Maximizing Your Investment: Understanding Drag-Along Rights


Drag-along rights are provisions in agreements that allow majority shareholders to compel minority shareholders to join in the sale of a company. This article delves into the intricacies of drag-along rights, their benefits, and how they differ from tag-along rights. We also provide a real-world example to illustrate their application.

What are drag-along rights?

Drag-along rights are a crucial provision in agreements that grant majority shareholders the power to force minority shareholders to participate in the sale of a company. The majority shareholder invoking these rights must ensure that the minority shareholder receives the same price, terms, and conditions as any other seller.

Understanding drag-along rights

Share offerings, mergers, acquisitions, and takeovers can be complex transactions, often involving various rights and provisions. Drag-along rights may be included in the terms of a share class offering or a merger and acquisition agreement. These rights essentially eliminate the current minority shareholders by facilitating the sale of 100% of a company’s securities to a potential buyer.

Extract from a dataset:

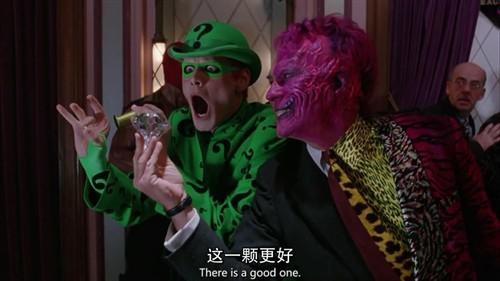 金凯瑞作为一名优秀的喜剧演员,在饰演谜语人这个角色时几乎是沿用了他在《变相怪杰》中的表演风格,都是一个小人物在一种强大力量的掩护下进行着疯狂的举动,只不过作为变相怪杰里他是混乱正义,而作为谜语人他是混乱邪恶。谜语人这个没什么战斗力只靠头脑解决问题的角色在金凯瑞的扮演下非常出彩,他那夸张的表情和形体动作让人过目不忘,成为了经典的反派形象。

While the concept of drag-along rights is clear, differentiating between majority and minority shareholders can be tricky, especially in companies with multiple share classes. A company’s bylaws dictate ownership and voting rights, which can impact the distinction between majority and minority shareholders.

Considerations for drag-along rights provisions

Drag-along rights can be implemented during capital fundraising or merger and acquisition negotiations. For instance, a technological startup’s CEO may control 51% of the business’s shares, or majority ownership, if the company is seeking to acquire capital through a Series A investment round. The CEO, keen on retaining control and safeguarding their interests in case of a sale, negotiates drag-along rights with the venture capital firm participating in the share offering.

No minority shareholder may obstruct a sale that the majority shareholder has approved thanks to this clause. It also ensures that no shares remain with previous shareholders after the acquisition.

In some cases, drag-along rights are more prevalent in agreements involving private companies and may cease to exist once a company goes public with new share offerings. An initial public offering often supersedes previous ownership agreements and may introduce new drag-along rights for future shareholders.

Benefits of drag-along rights for minority shareholders

Despite being intended to mitigate the effects on minority shareholders, drag-along rights can actually benefit them. These provisions demand uniformity in the price, terms, and conditions of a share sale, ensuring that small equity holders receive favorable terms they might not have otherwise achieved.

Drag-along right provisions typically establish a structured process of communication with minority shareholders. This includes providing advance notice of the corporate action mandated for them as well as details regarding the price, terms, and conditions that will apply to their shares. However, it’s important to note that failing to follow the proper procedures can nullify drag-along rights.

Drag-along rights vs. tag-along rights

While both drag-along and tag-along rights focus on shareholder participation in sales, they differ in their obligations. Tag-along rights provide minority shareholders with the option to sell their shares but do not mandate such action. This distinction can have significant implications for the terms of a merger or acquisition.

Real-world example

Celgene Corporation and Bristol-Myers Squibb Company merged in 2019, with Bristol-Myers Squibb purchasing Celgene for about $74 billion. Bristol-Myers Squibb owned 69% of the merged company’s shares, and converted Celgene stockholders held 31% of the shares. The minority Celgene shareholders received one Bristol-Myers share and $50 per Celgene share if they followed the deal and had no special choices.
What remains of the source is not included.